Scientists recommend that smoking cessation programs focus on older adults.
Researchers have found a new reason for older smokers to quit, which is good news for American seniors, who have the highest smoking rates of any U.S. generation.
“We were able to show that the risk of smokers for cardiovascular diseases is more than twice that of non-smokers,” said professor Hermann Brenner in a statement. “However, former smokers are affected at almost the same low rate as people of the same age who never smoked.”
The scientists examined data on more than 8,000 individuals between the ages of 50 and 74. Brenner and colleagues determined that a 60-year-old smoker has the same risk of myocardial infarction (heart attack) as a 79-year-old non-smoker and the same risk of stroke as a 69-year-old non-smoker.

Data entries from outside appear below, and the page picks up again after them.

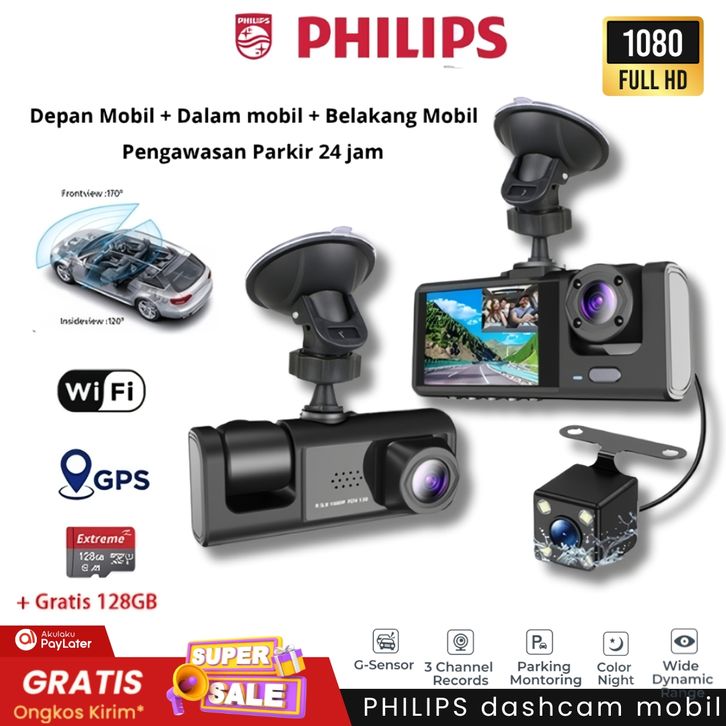 Philips Dashcam Mobil 3 Cameras 1080P HD Night Vision Loop Recording AI Cerdas Menangkap Pemotretan
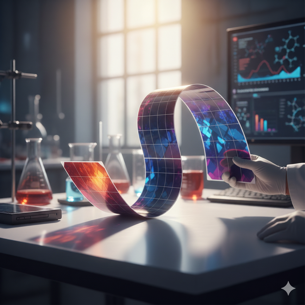 従来のシリコン系太陽電池に匹敵する高い発電効率を持ちながら、**薄く、軽く、曲げられる(フレキシブル)**という革新的な特徴を持っています。
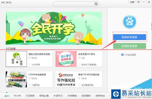 2、打開百度傳課KK客戶端,登錄自己的百度傳課賬號,如果有百度傳課賬號,就有百度傳課賬號登錄,也可以用百度賬號登錄。

Study participants had not suffered a heart attack or stroke prior to the start of the study. In their evaluation, researchers took into account the effects of other factors, such as age, gender, alcohol consumption, education level, and physical exercise habits, as well as participants’ blood pressure, diabetes status, cholesterol levels, height, and weight.

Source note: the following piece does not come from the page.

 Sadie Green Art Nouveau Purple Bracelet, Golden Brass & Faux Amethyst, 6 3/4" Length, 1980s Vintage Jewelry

This study shows that the positive effects of smoking cessation appear within a short period of time, suggesting that smoking cessation programs that have concentrated on younger participants up to now should include more outreach to seniors as well.

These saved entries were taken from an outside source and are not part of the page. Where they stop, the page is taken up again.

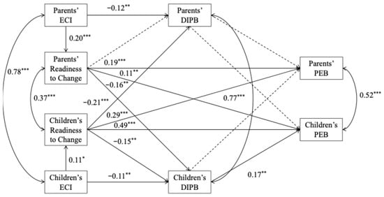 APIM-SEM results on Chinese parent–child relationships on environmental attitude, psychological barriers, and PEB. Note. N = 452. χ2(8) = 27.57, p < 0.001, RMSEA = 0.074, CFI = 0.981, SRMR = 0.053. Significant at * p < 0.05, ** p < 0.01, *** p < 0.001. Solid and dotted lines indicate significant and insignificant paths, respectively.
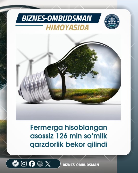 Biznes-ombudsman tomonidan kiritilgan xulosa natijasida asossiz hisoblangan 126 mln so‘mga yaqin qarzdorlik tizimdan o‘chirilib, fermerning murojaati ijobiy hal etildi.
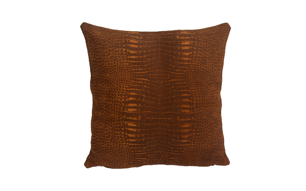 Coussin en cuir suède chocolat et camel orangé imprimé alligator
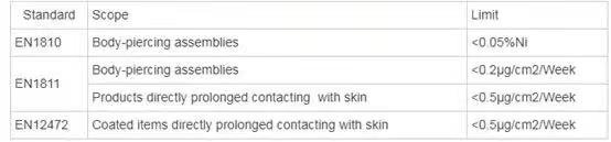 (歐盟對鎳標準適應范圍及鎳釋放量限值要求)
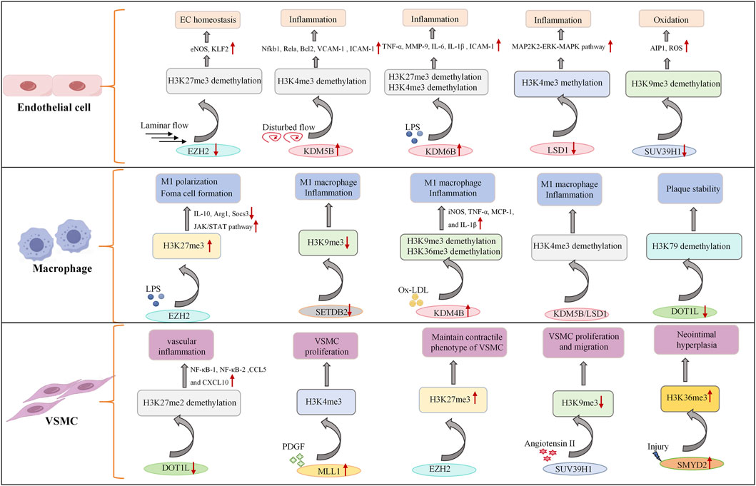 Figure 2. Role of histone methyltransferases and demethylases in endothelial cells, macrophages, and vascular smooth muscle cells. Under the combined influence of cytokines, oxidized low-density lipoproteins and blood flow, the expression of histone methyltransferases and demethylases in vascular cells is regulated, which in turn affects the methylation level of histones within the cells and activates multiple signaling pathways, such as the NF-κB signaling pathway, ERK-MAPK signaling pathway and JAK/STAT signaling pathway, to regulate gene expression and cellular dysfunction. EZH2, enhancer of zeste homolog, histone methyltransferase; KDMs, lysine demethylases; SUV39H1, histone lysine methyltransferase; DOT1L, histone methyltransferase; ↑ indicates upregulation; ↓ indicates inhibition.

Older smokers face many hurdles in their quest to quit. They tend to be heavier smokers and are significantly less likely than younger smokers to believe that smoking harms their health, according to the American Lung Association.
The average smoker tries to quit six times before he or she successfully stops smoking, according to New York Presbyterian Hospital. But the chances of successfully quitting increase from five percent to 40 percent with the help of supportive programs and medication.